### Problem details
Each line from the one holding "是次呈現吳大羽存世僅146件" through the end of the records should be returned exactly, while pictures are skipped.
*** Exercise data ***
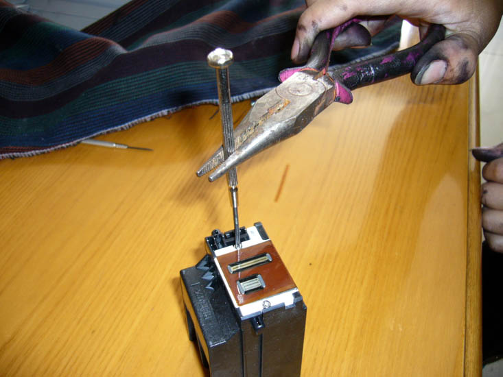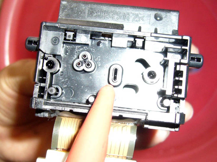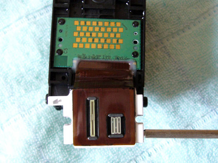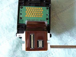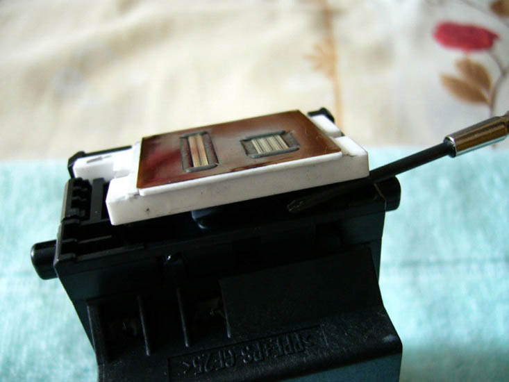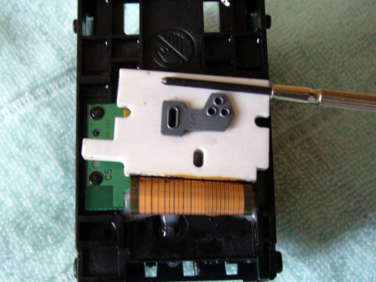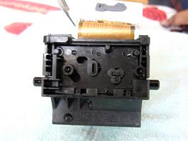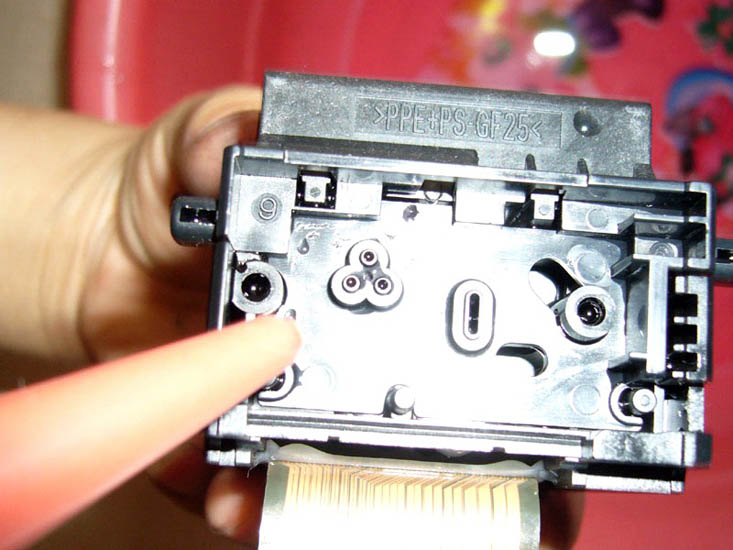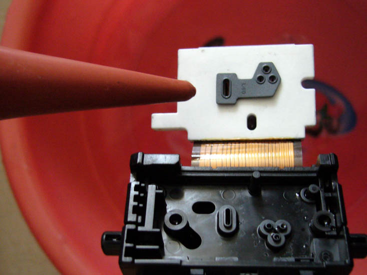 由于很多同修都在采用佳能IP系列打印机,并且改装成连供系统,遇到的最大问题就是喷头常常堵塞的,清通方法有多种比如:浸泡法、超声波振荡法、清洗液清洗法,但是往往不能彻底解决问题,过不了多久又堵了,也许是师父点化,这里提供一种方法,更好的解决喷头堵塞的清通问题。拧下两个螺丝,轻轻一撬,打开喷头后,用注射器吸上温水,注意一定是反向喷射到喷头处,直到清通(将喷头对着灯光,可以清晰看见灯光就是清通好了)
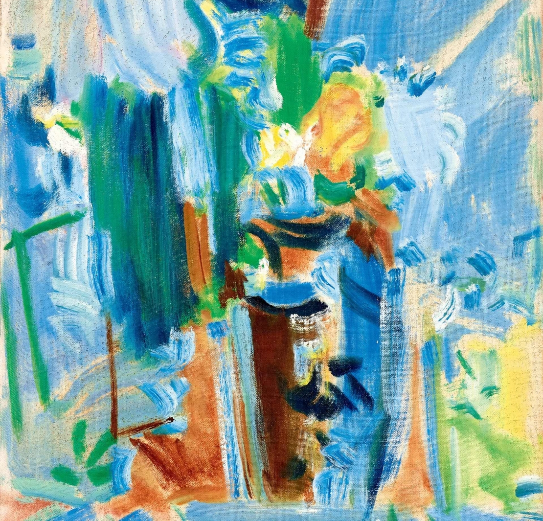 是次呈現吳大羽存世僅146件油畫之一的珍稀《花韻》,充分展現其「以韻噬象,蓄色成勢」的「勢象」美學。構圖以居中的瓶花為主體,由中心往外呈放射狀、結體分明的結構拉開序曲,當中帶著方向性的筆勢如浪花湧動、如蝶紛飛,將韻律感與歡快的樂音注入其中,展現吳大羽在文革後如雨過天青的光燦心境。在線與面的交織、及吳大羽最膾炙人口的藍黃對比用色中,一展花兒盛放、若萬丈虹光四射的強大精神力量。當中流轉的「氣」與「韻」直入人心。恰如其詩作:「飛羽掠天過影在,蓓蕊待發晴明枝。」帶給人勃發的向上力量。作品由現亞洲重要私人藏家在過去25年來細心珍存,並被收錄在盡乎全數藝術家出版畫冊中,是次釋出為難逢的購藏良機。
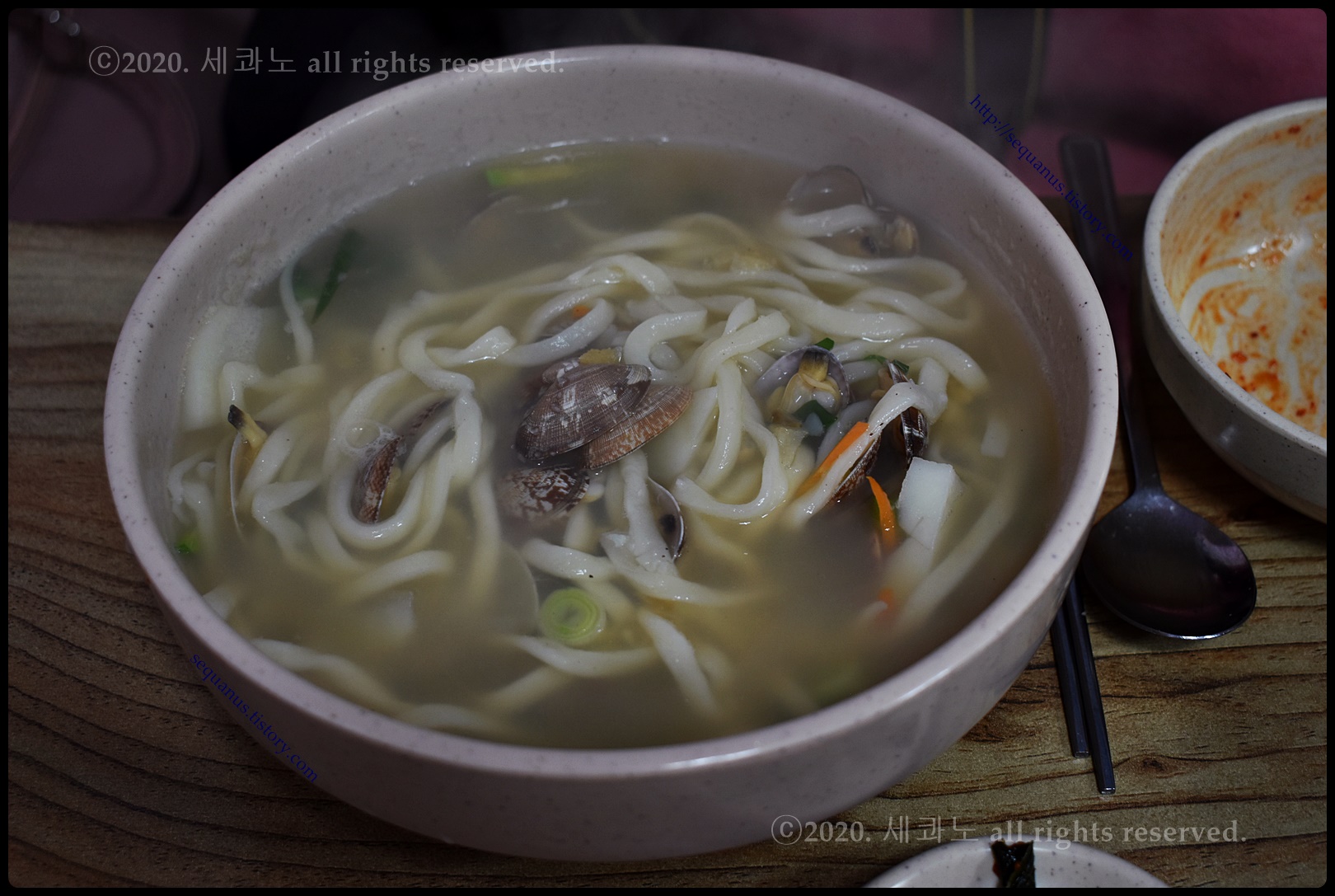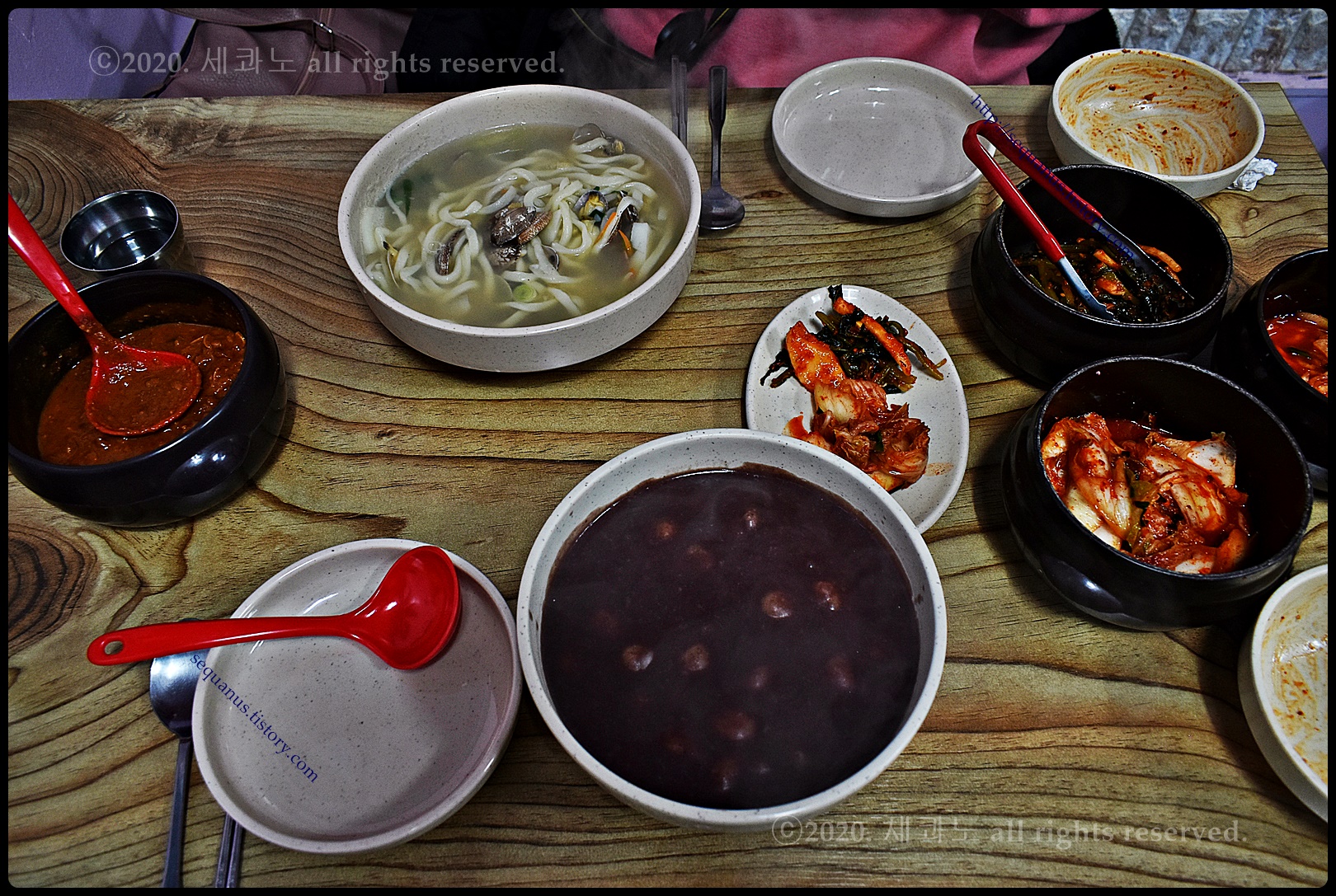 팥옹심이와 바지락 칼국수 하나를 주문했었고
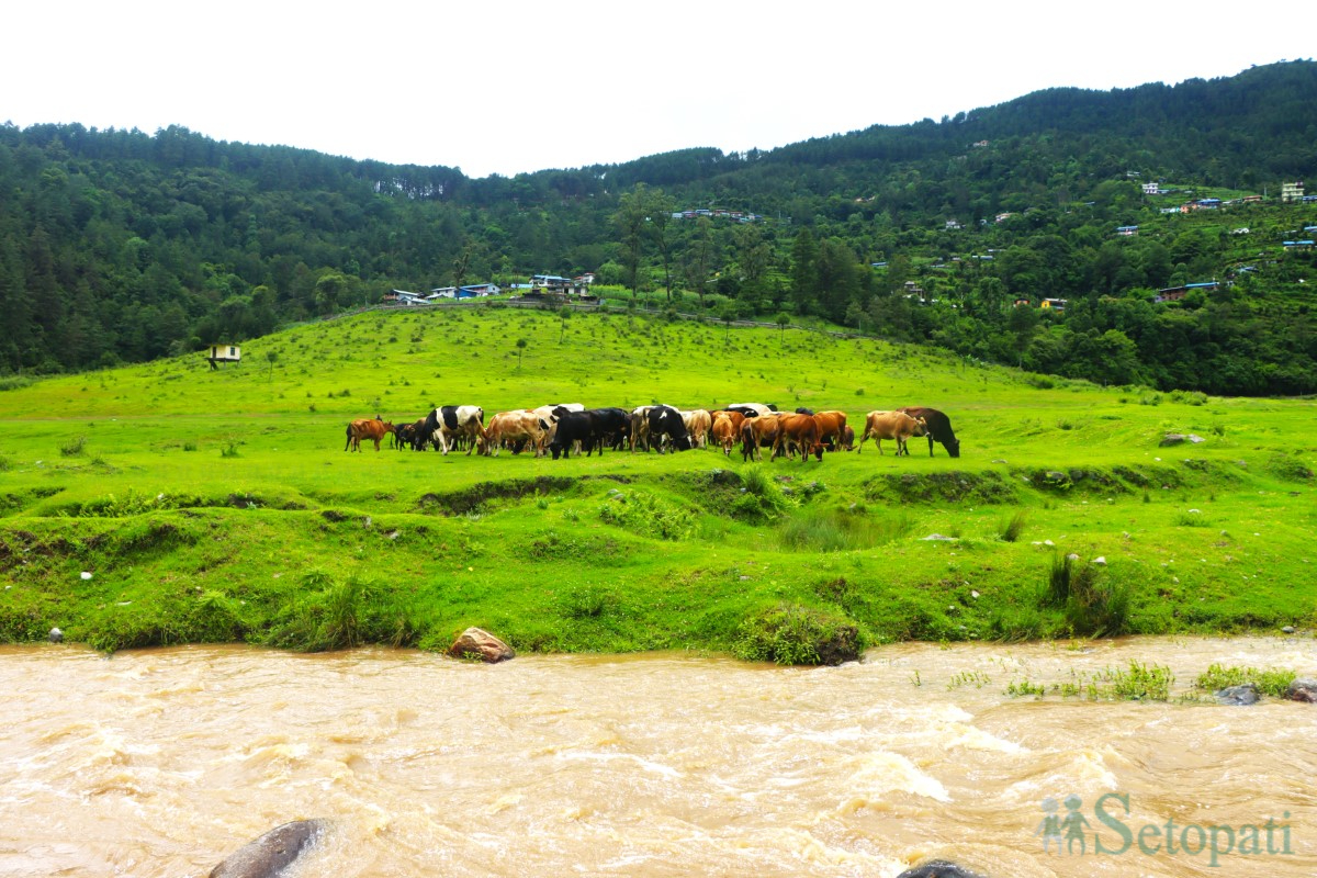 केही गाईहरू चितवन, मनाङ र कोरिया लगायतका स्थानबाट ल्याइएका छन्। वर्षायामको सिजन चलिरहेको छ। यस बेला हरियो घाँसले ढाकिएको चौरमा गाईहरू चर्न निस्कँदा, त्यो दृश्य हेरेर घण्टौं बितेको पत्तै हुँदैन। अहिले दैनिक ३६० लिटर दूध उत्पादन भइरहेको छ, जुन गाईको स्वास्थ्य, व्यवस्थापन र प्राकृतिक वातावरणको प्रतिफल हो।
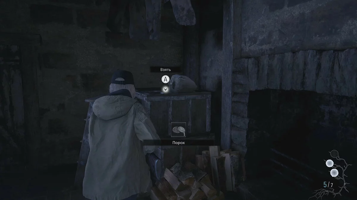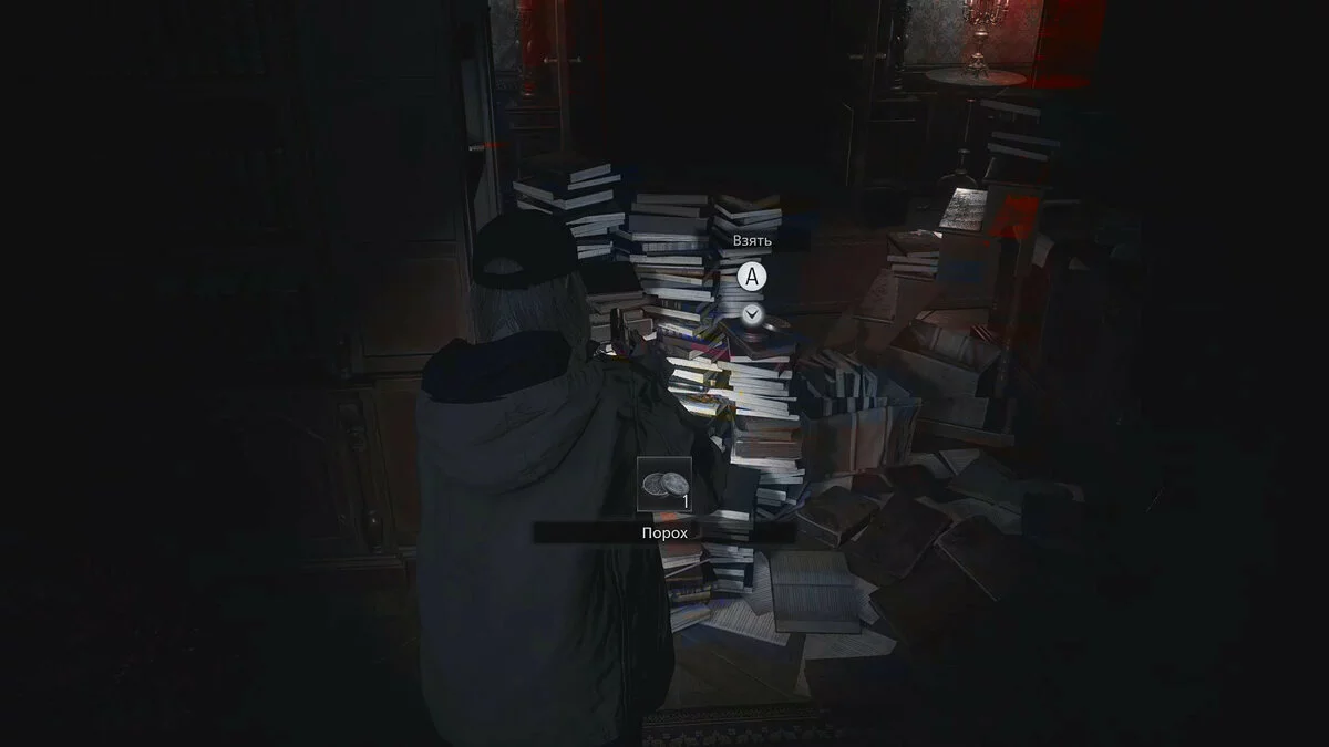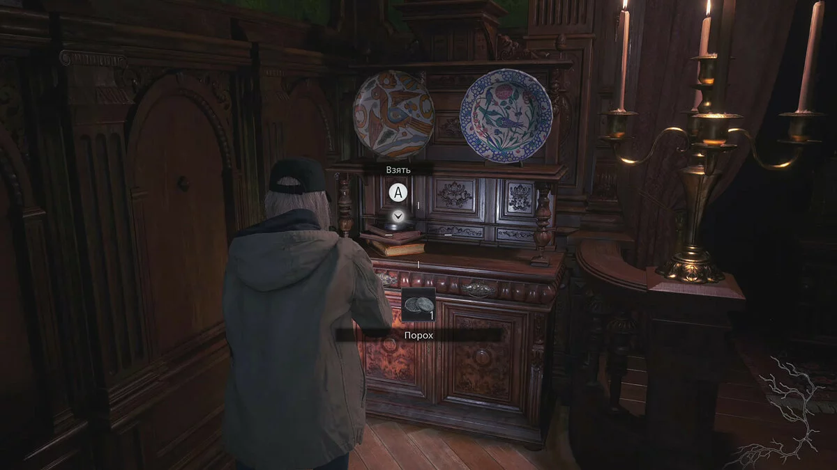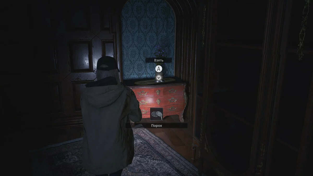 На комоде спереди забираем порох и поднимаемся на второй этаж.
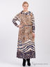 Платье в пол с длинными рукавами "летучая мышь", с оригинальным воротом, контрастный рисунок
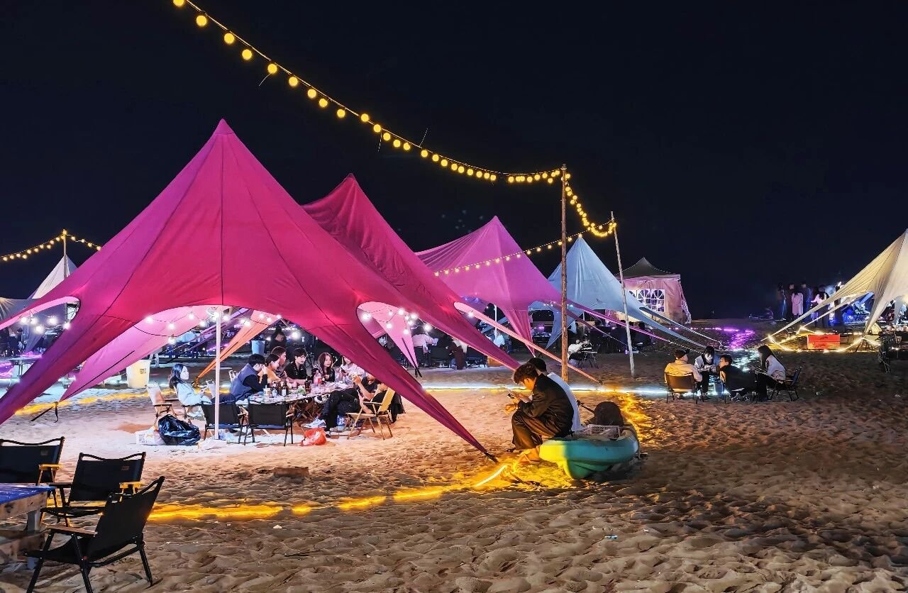 荣山寮村的跨年电子音乐派对营造出独特的海滨氛围,吸引众多年轻潮人。假期期间,这里皮划艇、桨板等水上项目备受青睐,岸边咖啡厅、海鲜排档与糟粕醋火锅座无虚席,围炉煮茶、啤酒烧烤等休闲方式同样受欢迎。当地民宿预订火爆,漂浮的人民宿主理人表示:“假期基本处于满房状态。”
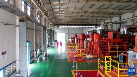 7月7日,在大张坨储气库作业区,员工在高温下对压缩机厂房进行巡检。新华社发(中国石油大港油田公司供图)
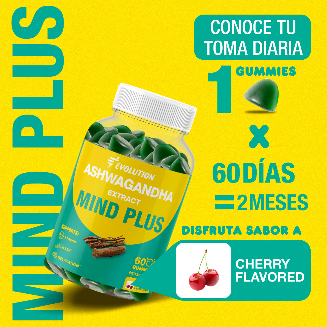 Equilibra tu día y calma tu mente con Evolution Ashwagandha Mind Plus. Nuestras deliciosas gomitas con sabor a cereza están formuladas no solo para ayudarte a manejar el estrés, sino también para promover un mejor descanso y una salud cerebral óptima. Es tu dosis diaria de serenidad y enfoque.
*** End of Exercise data ***
### Solution below
 是次呈現吳大羽存世僅146件油畫之一的珍稀《花韻》,充分展現其「以韻噬象,蓄色成勢」的「勢象」美學。構圖以居中的瓶花為主體,由中心往外呈放射狀、結體分明的結構拉開序曲,當中帶著方向性的筆勢如浪花湧動、如蝶紛飛,將韻律感與歡快的樂音注入其中,展現吳大羽在文革後如雨過天青的光燦心境。在線與面的交織、及吳大羽最膾炙人口的藍黃對比用色中,一展花兒盛放、若萬丈虹光四射的強大精神力量。當中流轉的「氣」與「韻」直入人心。恰如其詩作:「飛羽掠天過影在,蓓蕊待發晴明枝。」帶給人勃發的向上力量。作品由現亞洲重要私人藏家在過去25年來細心珍存,並被收錄在盡乎全數藝術家出版畫冊中,是次釋出為難逢的購藏良機。
 팥옹심이와 바지락 칼국수 하나를 주문했었고
 केही गाईहरू चितवन, मनाङ र कोरिया लगायतका स्थानबाट ल्याइएका छन्। वर्षायामको सिजन चलिरहेको छ। यस बेला हरियो घाँसले ढाकिएको चौरमा गाईहरू चर्न निस्कँदा, त्यो दृश्य हेरेर घण्टौं बितेको पत्तै हुँदैन। अहिले दैनिक ३६० लिटर दूध उत्पादन भइरहेको छ, जुन गाईको स्वास्थ्य, व्यवस्थापन र प्राकृतिक वातावरणको प्रतिफल हो।
 На комоде спереди забираем порох и поднимаемся на второй этаж.
 Платье в пол с длинными рукавами "летучая мышь", с оригинальным воротом, контрастный рисунок
 荣山寮村的跨年电子音乐派对营造出独特的海滨氛围,吸引众多年轻潮人。假期期间,这里皮划艇、桨板等水上项目备受青睐,岸边咖啡厅、海鲜排档与糟粕醋火锅座无虚席,围炉煮茶、啤酒烧烤等休闲方式同样受欢迎。当地民宿预订火爆,漂浮的人民宿主理人表示:“假期基本处于满房状态。”
 7月7日,在大张坨储气库作业区,员工在高温下对压缩机厂房进行巡检。新华社发(中国石油大港油田公司供图)
 Equilibra tu día y calma tu mente con Evolution Ashwagandha Mind Plus. Nuestras deliciosas gomitas con sabor a cereza están formuladas no solo para ayudarte a manejar el estrés, sino también para promover un mejor descanso y una salud cerebral óptima. Es tu dosis diaria de serenidad y enfoque.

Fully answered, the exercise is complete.